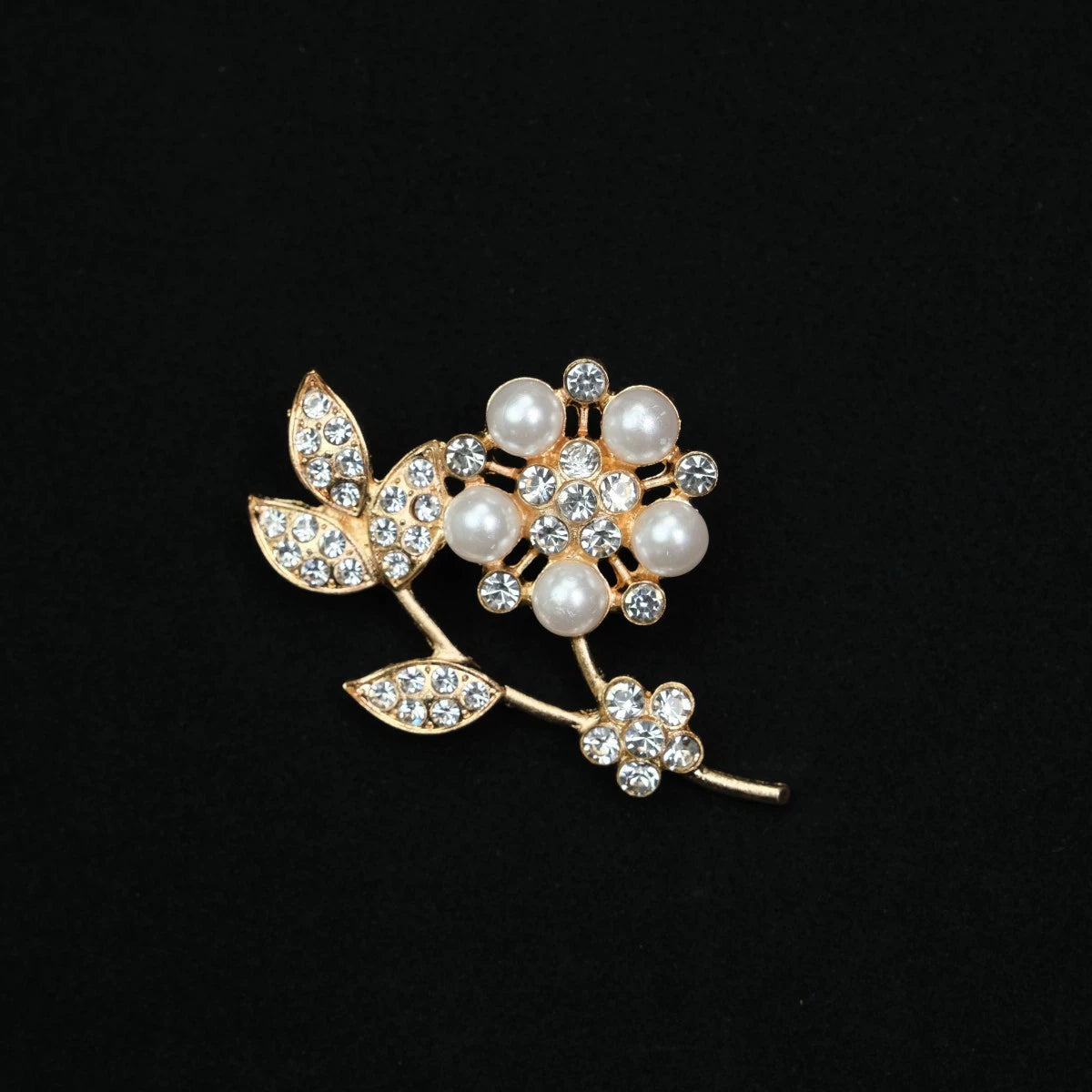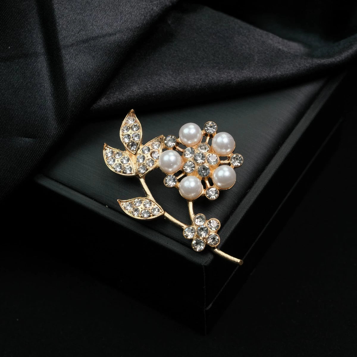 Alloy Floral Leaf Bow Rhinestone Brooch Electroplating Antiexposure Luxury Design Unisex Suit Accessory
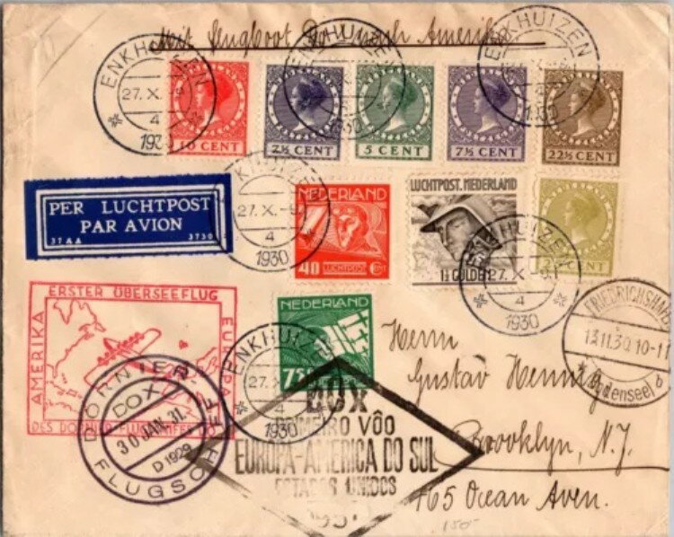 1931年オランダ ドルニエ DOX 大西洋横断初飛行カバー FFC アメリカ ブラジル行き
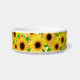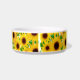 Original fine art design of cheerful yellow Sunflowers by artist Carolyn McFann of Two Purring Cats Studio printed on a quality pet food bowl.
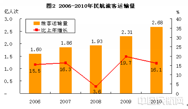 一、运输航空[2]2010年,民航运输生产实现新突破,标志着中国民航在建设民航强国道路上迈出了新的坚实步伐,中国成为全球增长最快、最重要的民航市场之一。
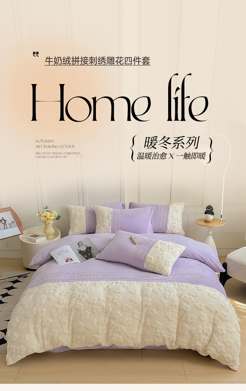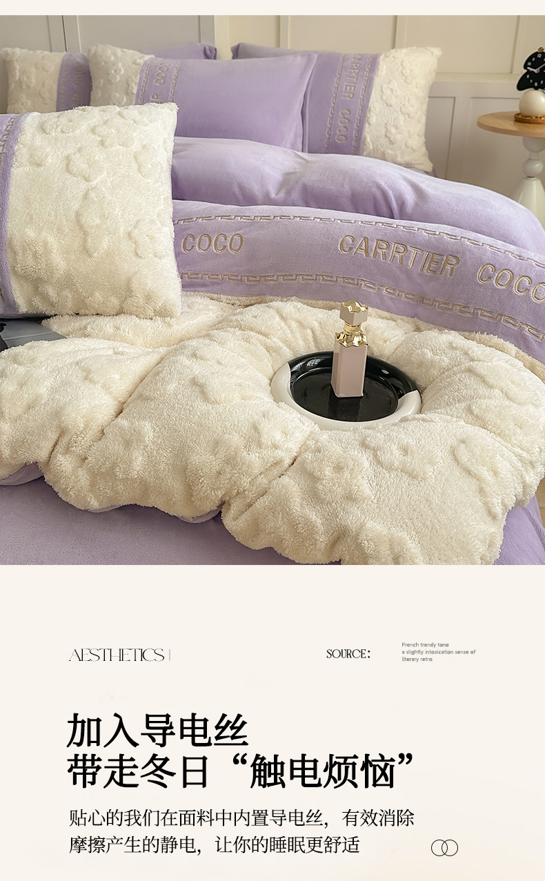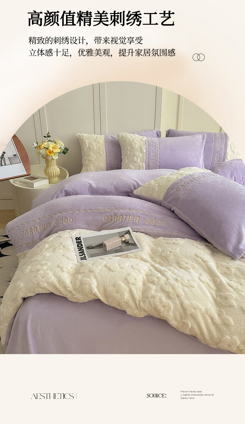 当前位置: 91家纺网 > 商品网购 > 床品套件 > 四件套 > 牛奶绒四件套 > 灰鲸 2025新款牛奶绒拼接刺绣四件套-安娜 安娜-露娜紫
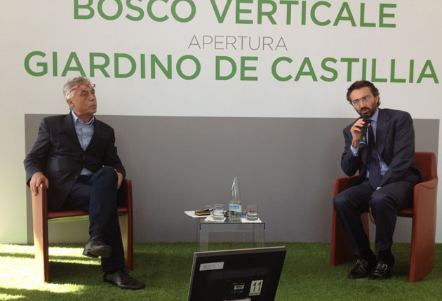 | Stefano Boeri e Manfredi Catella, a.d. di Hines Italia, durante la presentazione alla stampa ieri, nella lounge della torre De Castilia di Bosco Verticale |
==
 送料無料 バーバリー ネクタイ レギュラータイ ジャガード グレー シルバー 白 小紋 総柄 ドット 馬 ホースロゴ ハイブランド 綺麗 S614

EXERCISE
Exactly the lines starting at the one above with "Alloy Floral Leaf" and ending at the one with "Original fine art" should be printed, and nothing else. Omit the pictures.

RESULT OF THE TASK
 Alloy Floral Leaf Bow Rhinestone Brooch Electroplating Antiexposure Luxury Design Unisex Suit Accessory
 1931年オランダ ドルニエ DOX 大西洋横断初飛行カバー FFC アメリカ ブラジル行き
 Original fine art design of cheerful yellow Sunflowers by artist Carolyn McFann of Two Purring Cats Studio printed on a quality pet food bowl.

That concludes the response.